- **What you have to do**
Copy out exactly the stretch below, from the line with "Lebertran mit Zitronen-Kräuter-Geschmack." through the line with "포럼은 ▲한양대 유영만", both included; the pictures stay out.

- **Supplied records**
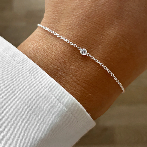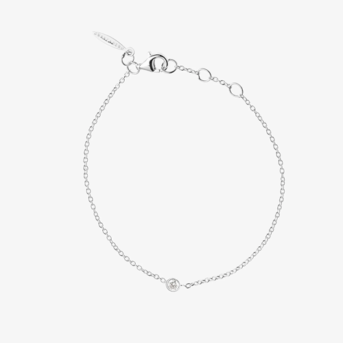 Silverarmband från Drakenberg Sjölin med en vit topas infattad i återvunnet silver, fäst på en nätt kedja. Ett minimalistiskt och tidlöst armband i nordisk design, perfekt för både vardag och speciella tillfällen.
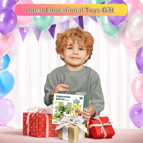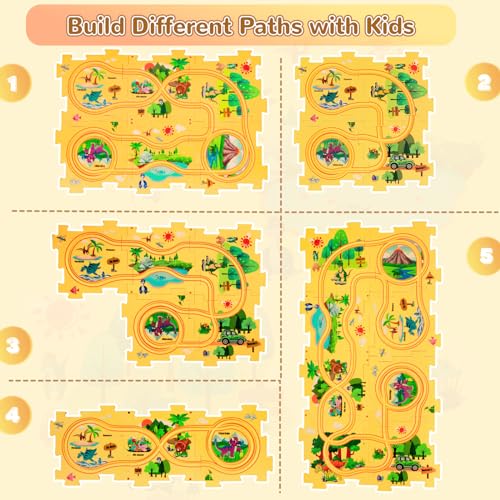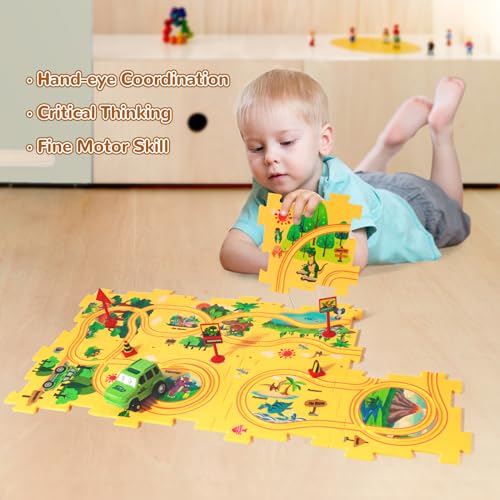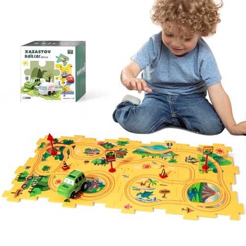 XAZASTOV - مجموعة مضمار سيارة بازل ديناصور للاطفال من سن 3-5 سنوات مع مركبات واحجية سيارة سكك حديدية ومسارات سيارات للاطفال الصغار، هدايا العاب للاولاد بعمر 2 3 4 5 6 سنوات، العاب مونتيسوري من زازاستوف
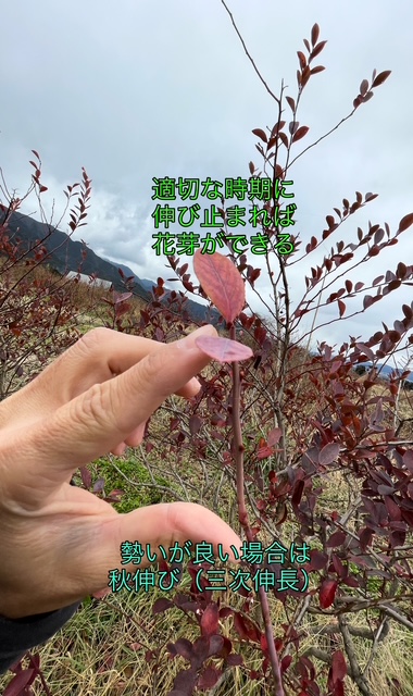 しかし、適切なタイミングで伸び留まると秋伸びの枝先にも、花芽ができ冬にも枯れにくいです。
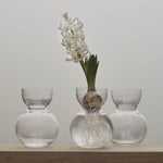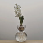 Hyacintvas ’Veder’ har en enkel rund form som passar perfekt för att driva fram hyacinter. Den har en kupa som omfamnar löken och en större nederdel till rötterna. Gjord i kristallklart glas. Den har en tidlös design och glasvasen passar fint för en hyacint, stickling eller snittblommor.
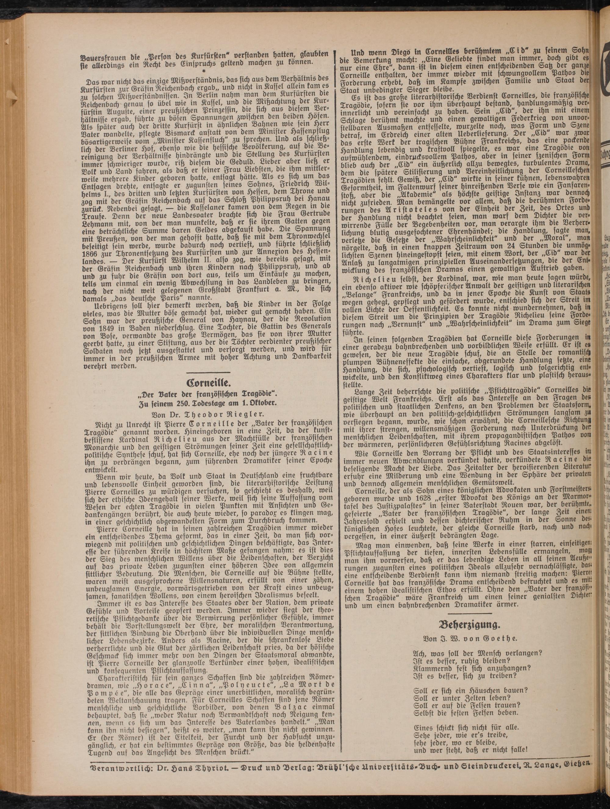 „Der Vater der französischen Tragödie". Zu seinem 250. Todestage am 1. Oktober.
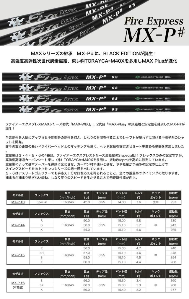ファイアーエクスプレスMAXシリーズ初代「MAX-WBQ」、2代目「MAX-Plus」の飛距離と安定性を継承したMX-P#の性能はそのままに、ご要望の多かった数量限定ブラックカラーが登場!
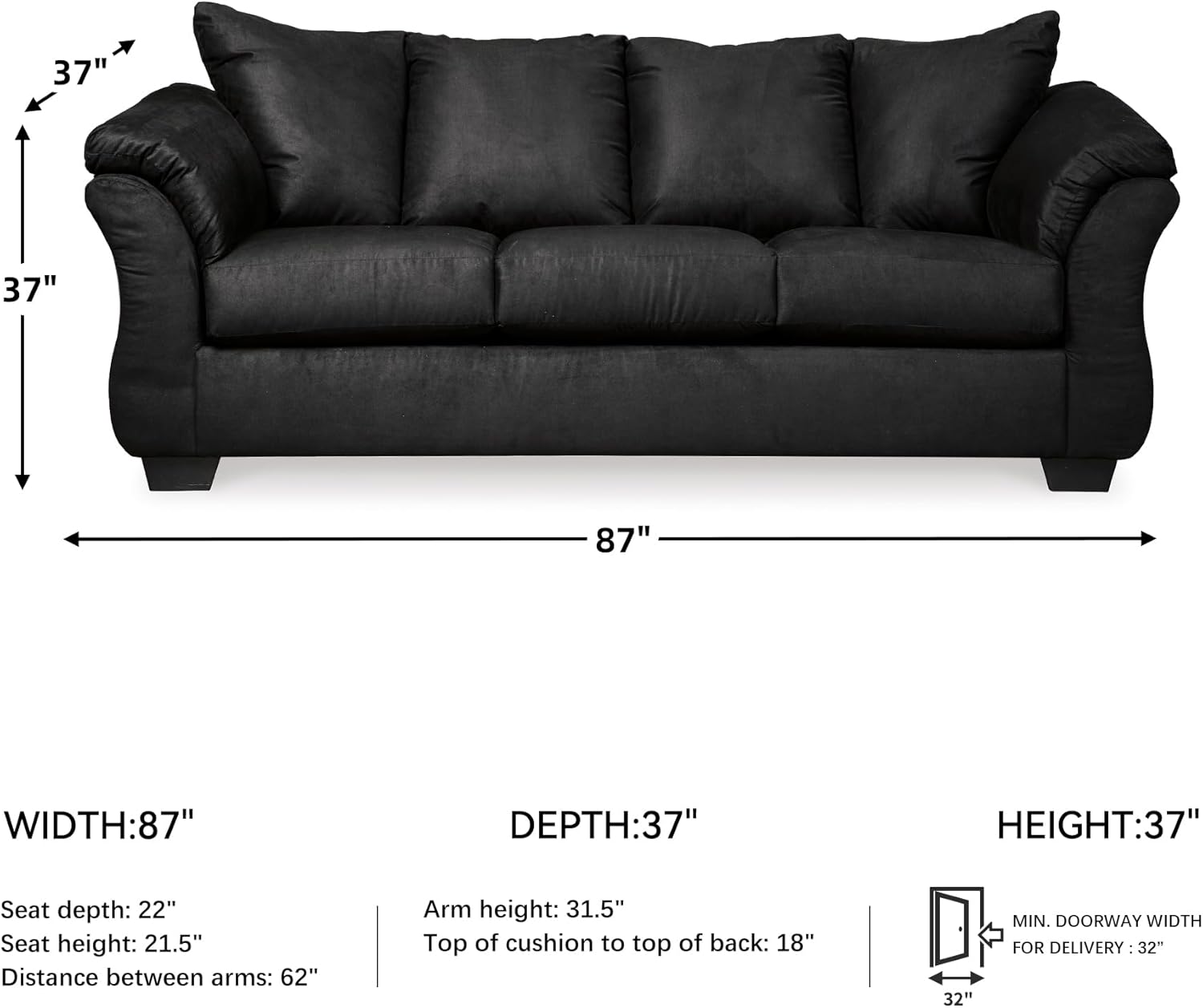 Signature Design by Ashley Darcy Classic Contemporary Sofa, Black
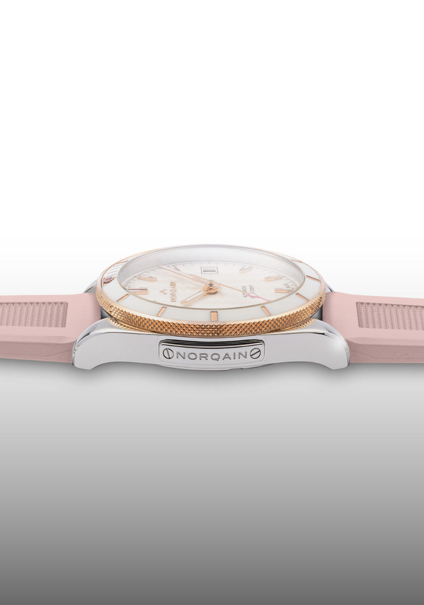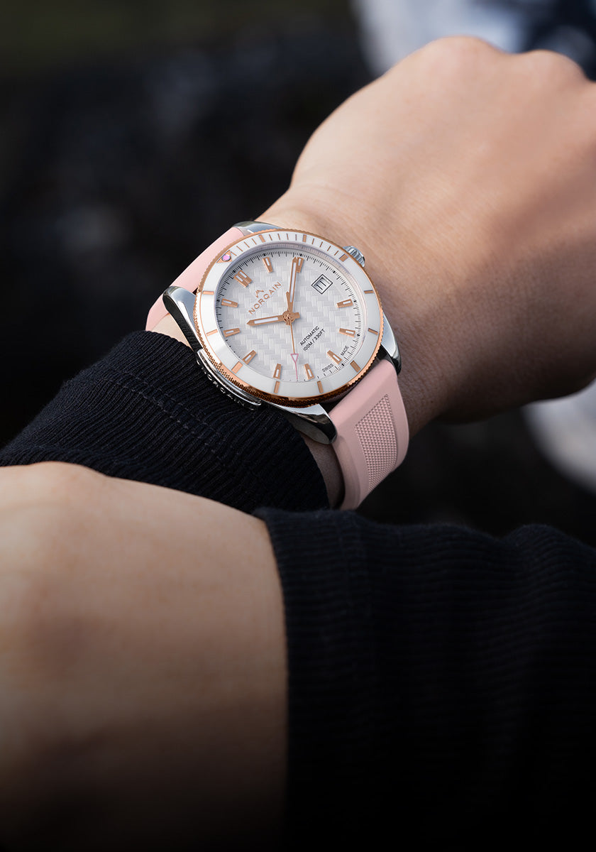 La linea Adventure incarna l'emozione di esplorare e conquistare la natura: i sentieri, le vette ed il mare. L'esclusivo motivo NORQAIN si ispira alle montagne svizzere.
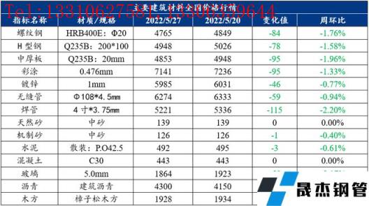 免責聲明:本網站(山東聊城晟杰無縫鋼管廠www.yztongfa.com)刊載的“建筑原材料周報(5.23-5.27)”等均源于網絡,版權歸原作者所有,且僅代表原作者觀點,本文所載信息僅供參考。轉載僅為學習與交流之目的,如無意中侵犯您的合法權益,請及時聯系刪除。本網站刊登此篇文章并不意味著本站贊同其觀點或證實其內容的真實性,我們不對其科學性、嚴肅性等作任何形式的保證。如果侵犯了您的版權,請盡快聯系我們予以撤銷,謝謝合作!
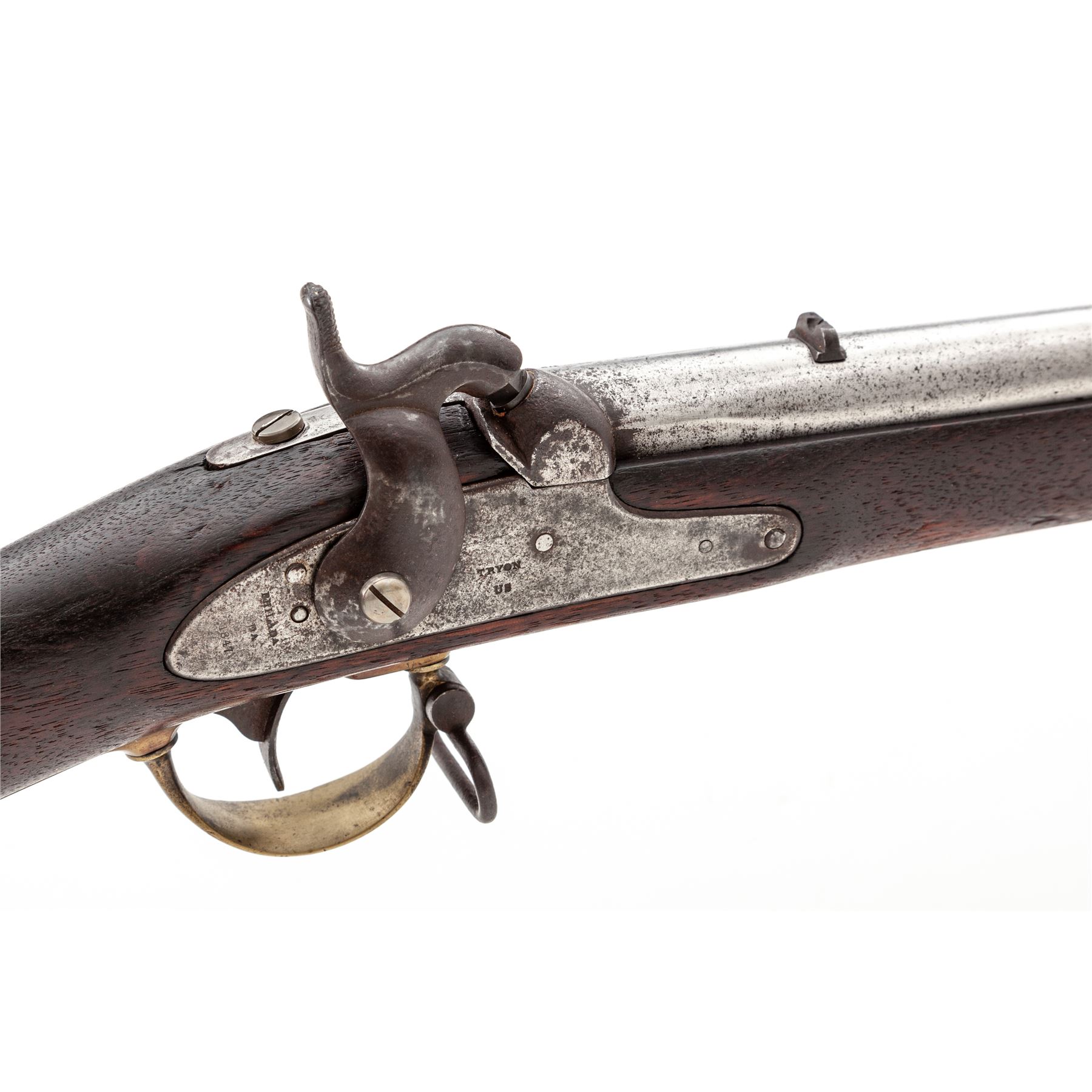 Mexican War Era U.S. Model 1841 ''Mississippi'' Percussion Rifle, George W. Tryon contract, NVSN, .54 cal., 33'' barrel, with brass blade front and dovetailed notch rear sights, is marked ''US/JCB/P'' (the latter in a sunken oval), and ''1848'' on top tang; the beveled-edge lockplate is marked ''Tryon/US'' ahead of the hammer, and ''Philada/PA/1847'' vertically behind; brass furniture including serpentine sideplate, two spring-retained barrel bands (top band of the double-strap type with iron sling swivel), two-piece triggerguard with iron sling swivel at front, and distinctive patchbox with hinged lid opening to trap in butt for spare nipple (present), patches and other spare parts; steel ramrod with brass tulip head; oil-stained walnut fullstock. Mfg'd 1846-48, in quantity of only 5,000 guns. Condition is very good, the barrel, lock and hammer with an overall gunmetal gray color, the brass with a light age patina. Stock is solid with scattered age/use marks and light roughness but generally smooth and with good color; markings are clear, edges are mostly sharp. Action is strong, the nipple a replacement; bore is overall bright with sharp rifling. Est.: $1,000-$2,000. (Antique)
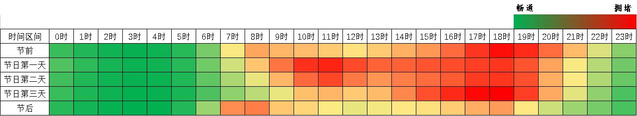 建议公众出行前规划好出行时间和线路,错峰错时出行,及时了解流量较大路段的路况信息,发现拥堵时可选择其他高速公路或利用并行普通干线公路进行绕行。
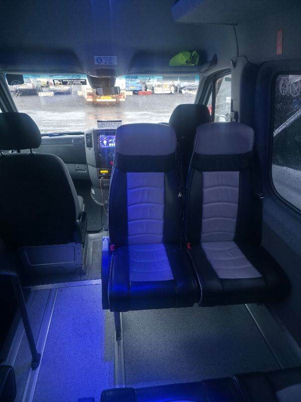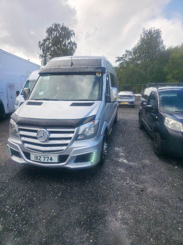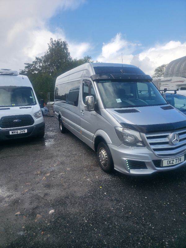 The Mercedes Sprinter 516cdi Date of the first register is 15/11/2018 XLWB 16seat Minibus is a high-quality commercial vehicle manufactured by Mercedes-Benz. This minibus features a Automatic transmission, and can seat up to 16 passengers comfortably. With a gross vehicle weight of 4600KG, 2143cc Cylinder capacity , this silver-coloured minibus is equipped with air conditioning, AM/FM stereo in-car entertainment, Ideal for transporting passengers, this Mercedes Sprinter is a reliable and luxurious option for those in need of a comfortable , spacious and economical minibus . With decent space for luggage in the back can take up to 10 small suitcases.
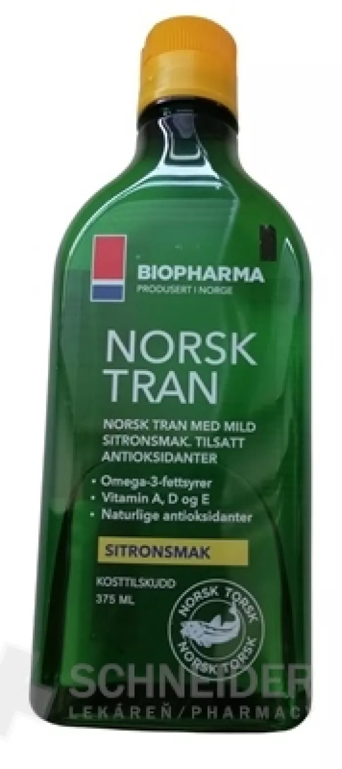 Lebertran mit Zitronen-Kräuter-Geschmack. Es enthält die Omega-3-Fettsäuren EPA, DHA und die Vitamine A, D, E sowie Extrakte aus Oregano, Thymian, Nelken, Rosmarin und natürlichem Zitronenaroma.
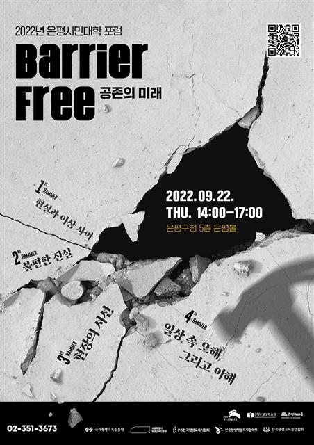 포럼은 ▲한양대 유영만 교수 ‘평생학습의 현실. 생각의 장벽을 부수다’ ▲대구경북연구원 이정미 기획경영실장 ‘지금 우리 사회. 사회의 장벽을 부수다’ ▲서부장애인종합복지관 공선애 사회복지사 ‘지금 우리 은평. 지역의 장벽을 부수다’ ▲장애인학생지원네트워크 김형수 총장 ‘지금 우리 일상. 심리적 장벽을 부수다’ ▲서울여대 신민선 교수 ‘모든 사각지대를 부수고 공존의 미래로 나아가다’ 순으로 진행된다.
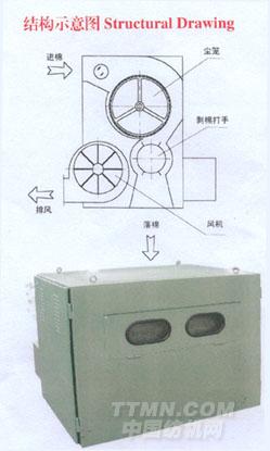 主要用于棉紡廠的開清棉工序,利用風機產生的氣流作用,將原棉或化纖凝聚在網眼塵籠的表面,除去棉流中的部分短絨或細小雜質,再通過剝棉打手的剝取,使得原棉和化纖輸入下一臺機臺,對原料進行繼續(xù)加工。本機還可以應用于其他各種需要輸送或轉移原料的場合。
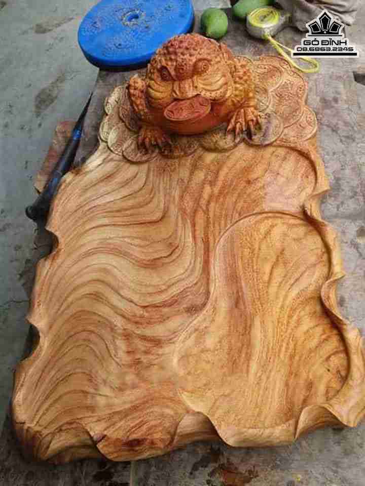 Khay Trà Cóc Ngậm Tiền Gỗ Gõ Đỏ ( Cate ) Cao 6 Dài 60 Rộng 45 (cm)

- **Solution**
 Lebertran mit Zitronen-Kräuter-Geschmack. Es enthält die Omega-3-Fettsäuren EPA, DHA und die Vitamine A, D, E sowie Extrakte aus Oregano, Thymian, Nelken, Rosmarin und natürlichem Zitronenaroma.
 포럼은 ▲한양대 유영만 교수 ‘평생학습의 현실. 생각의 장벽을 부수다’ ▲대구경북연구원 이정미 기획경영실장 ‘지금 우리 사회. 사회의 장벽을 부수다’ ▲서부장애인종합복지관 공선애 사회복지사 ‘지금 우리 은평. 지역의 장벽을 부수다’ ▲장애인학생지원네트워크 김형수 총장 ‘지금 우리 일상. 심리적 장벽을 부수다’ ▲서울여대 신민선 교수 ‘모든 사각지대를 부수고 공존의 미래로 나아가다’ 순으로 진행된다.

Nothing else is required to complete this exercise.